## ASSIGNMENT
Please restate word for word all lines from the one containing "Oceano e pôr" to the final line of the entries, and include no pictures.

## RECORDS FOR THE EXERCISE
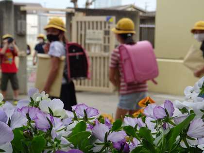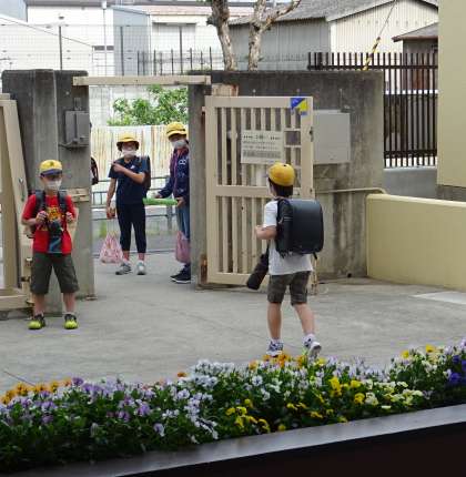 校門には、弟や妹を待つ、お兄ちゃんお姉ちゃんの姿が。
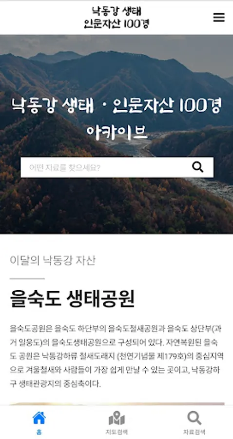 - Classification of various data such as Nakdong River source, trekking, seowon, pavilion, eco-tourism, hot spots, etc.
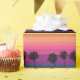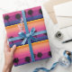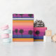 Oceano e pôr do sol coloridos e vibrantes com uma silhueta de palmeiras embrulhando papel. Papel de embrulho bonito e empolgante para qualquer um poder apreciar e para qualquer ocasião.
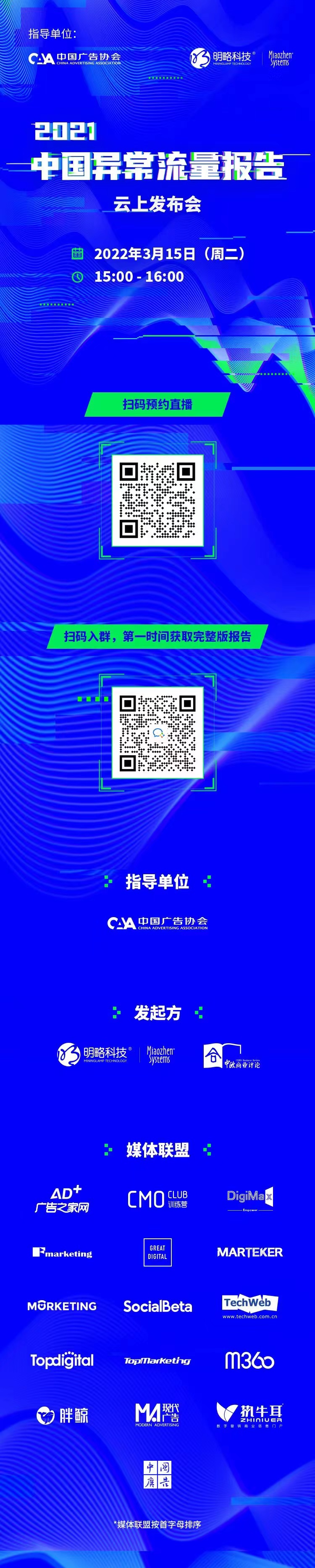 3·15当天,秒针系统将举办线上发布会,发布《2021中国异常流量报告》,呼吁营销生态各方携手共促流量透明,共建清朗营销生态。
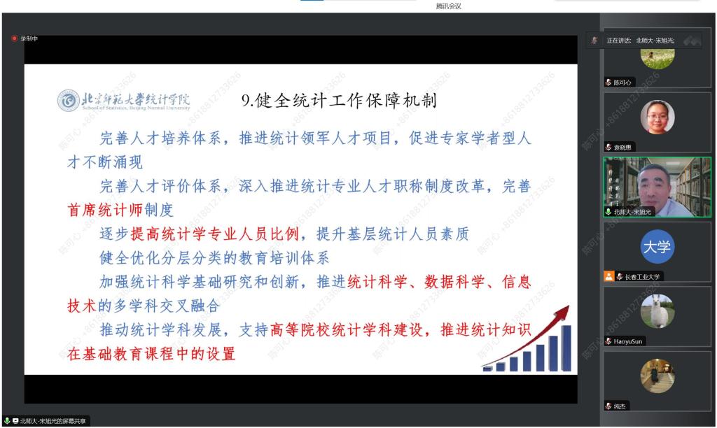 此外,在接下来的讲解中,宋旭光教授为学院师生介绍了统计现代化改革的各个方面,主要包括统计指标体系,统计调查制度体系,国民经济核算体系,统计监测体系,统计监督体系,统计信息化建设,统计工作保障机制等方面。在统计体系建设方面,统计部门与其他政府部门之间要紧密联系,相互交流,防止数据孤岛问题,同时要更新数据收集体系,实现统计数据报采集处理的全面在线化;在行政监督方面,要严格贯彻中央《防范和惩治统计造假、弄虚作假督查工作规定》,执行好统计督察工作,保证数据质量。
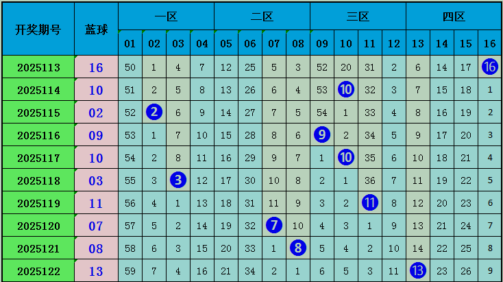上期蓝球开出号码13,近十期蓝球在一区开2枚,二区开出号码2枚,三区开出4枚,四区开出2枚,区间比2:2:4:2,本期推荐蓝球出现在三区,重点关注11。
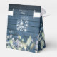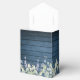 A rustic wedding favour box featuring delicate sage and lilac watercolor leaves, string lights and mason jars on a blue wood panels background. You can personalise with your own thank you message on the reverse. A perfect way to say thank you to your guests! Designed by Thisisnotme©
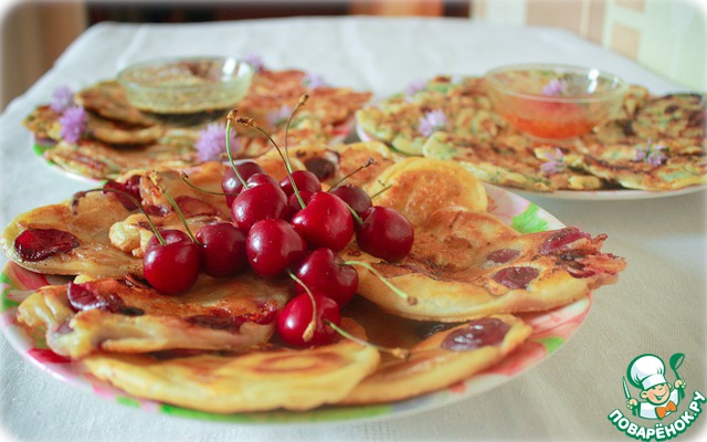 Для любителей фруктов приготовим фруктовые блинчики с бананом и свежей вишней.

## RESPONSE AREA
 Oceano e pôr do sol coloridos e vibrantes com uma silhueta de palmeiras embrulhando papel. Papel de embrulho bonito e empolgante para qualquer um poder apreciar e para qualquer ocasião.
 3·15当天,秒针系统将举办线上发布会,发布《2021中国异常流量报告》,呼吁营销生态各方携手共促流量透明,共建清朗营销生态。
 此外,在接下来的讲解中,宋旭光教授为学院师生介绍了统计现代化改革的各个方面,主要包括统计指标体系,统计调查制度体系,国民经济核算体系,统计监测体系,统计监督体系,统计信息化建设,统计工作保障机制等方面。在统计体系建设方面,统计部门与其他政府部门之间要紧密联系,相互交流,防止数据孤岛问题,同时要更新数据收集体系,实现统计数据报采集处理的全面在线化;在行政监督方面,要严格贯彻中央《防范和惩治统计造假、弄虚作假督查工作规定》,执行好统计督察工作,保证数据质量。
上期蓝球开出号码13,近十期蓝球在一区开2枚,二区开出号码2枚,三区开出4枚,四区开出2枚,区间比2:2:4:2,本期推荐蓝球出现在三区,重点关注11。
 A rustic wedding favour box featuring delicate sage and lilac watercolor leaves, string lights and mason jars on a blue wood panels background. You can personalise with your own thank you message on the reverse. A perfect way to say thank you to your guests! Designed by Thisisnotme©
 Для любителей фруктов приготовим фруктовые блинчики с бананом и свежей вишней.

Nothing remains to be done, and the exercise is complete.